Conclusions and Discussion

Main Conclusions

  1. Technical Feasibility: Machine learning methods demonstrate excellent performance in wide binary detection
  2. SMOTE Criticality: Data balancing techniques are crucial for performance improvement
  3. Random Forest Optimality: Shows best performance among multiple algorithms
  4. Practical Value: Provides rapid, scalable analysis tools

Limitations

  1. Annotation Quality Dependence: Model performance is limited by training data quality
  2. Distance Uncertainty: Error propagation exists in 3D distance calculations
  3. Feature Engineering: May overlook important physical features
  4. Generalization Ability: Performance across different sky regions requires verification

Future Directions

  1. Anomaly Detection: Extend ML to supervised anomaly detection problems
  2. Gravity Theory Testing: Identify anomalous wide binaries deviating from Newtonian gravity
  3. Multi-Source Data Fusion: Integrate additional observational data to improve performance
  4. Deep Learning: Explore more complex neural network architectures

In-Depth Evaluation

Strengths

  1. Methodological Innovation: First systematic application of ML to Gaia DR3 wide binary detection
  2. Technical Comprehensiveness: Integration of multiple preprocessing and classification techniques
  3. Excellent Performance: Significant improvements in key metrics
  4. Practical Value: Open-source tools promote field development
  5. Sufficient Experimentation: Multi-algorithm comparison and detailed performance analysis

Weaknesses

  1. Theoretical Analysis: Lacks theoretical guarantees for ML methods in astrophysical applications
  2. Verification Scope: Validated only on a single catalog; generalization requires confirmation
  3. Physical Interpretation: Insufficient explanation of physical meaning behind ML decisions
  4. Noise Modeling: Insufficient consideration of observational noise effects

Impact

  1. Academic Contribution: Provides new perspectives for astronomical big data analysis
  2. Practical Value: Tools can be directly applied to research practice
  3. Reproducibility: Open-source code ensures result reproducibility
  4. Field Advancement: Promotes ML applications in astrophysics

Applicable Scenarios

  1. Large-Scale Astronomical Surveys: Applicable to large datasets like Gaia
  2. Rapid Screening: Initial screening of candidate wide binary systems
  3. Auxiliary Analysis: Verification alongside traditional methods
  4. Educational Research: Example of ML applications in astronomy

References

  1. El-Badry et al. (2021) - Foundational work on wide binary catalog construction
  2. Chawla et al. (2002) - Original SMOTE technique paper
  3. Breiman (2001) - Random Forest algorithm
  4. Baron (2019) - Survey of machine learning applications in astronomy

Overall Assessment: This is a technically solid and highly practical application paper.
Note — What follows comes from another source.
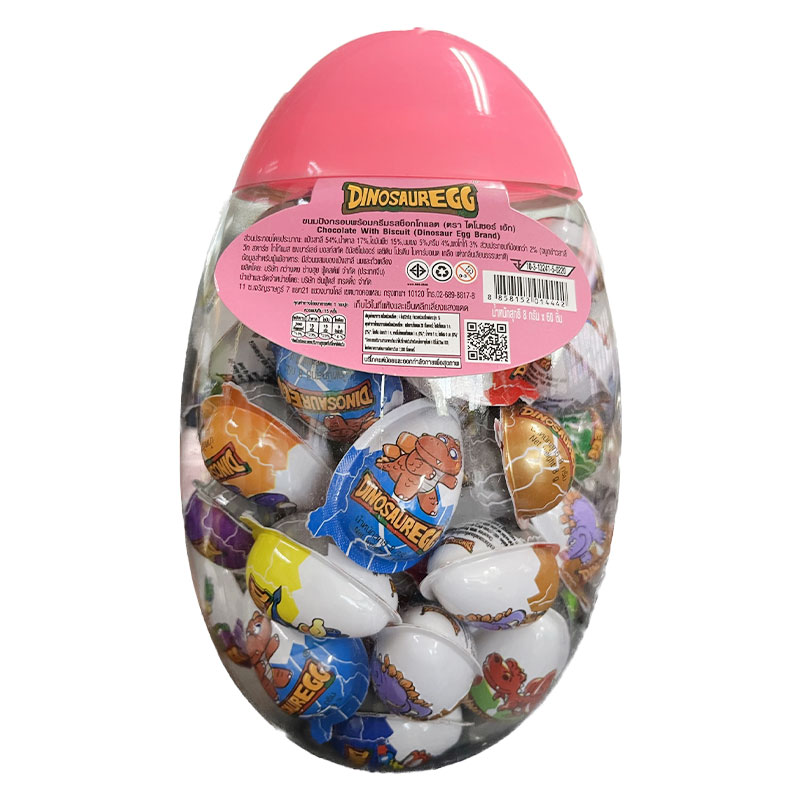 ไดโนซอร์ เอ้ก ขนมปังกรอบครีมช็อกโกแลต รูปไข่ สีชมพู 480 ก.

The authors successfully apply machine learning techniques to a specific astrophysical problem, achieving significant performance improvements. While relatively limited in theoretical innovation, its open-source tools and systematic methodology make substantial contributions to the field. This work provides an important foundation for subsequent gravity theory testing and anomalous wide binary detection.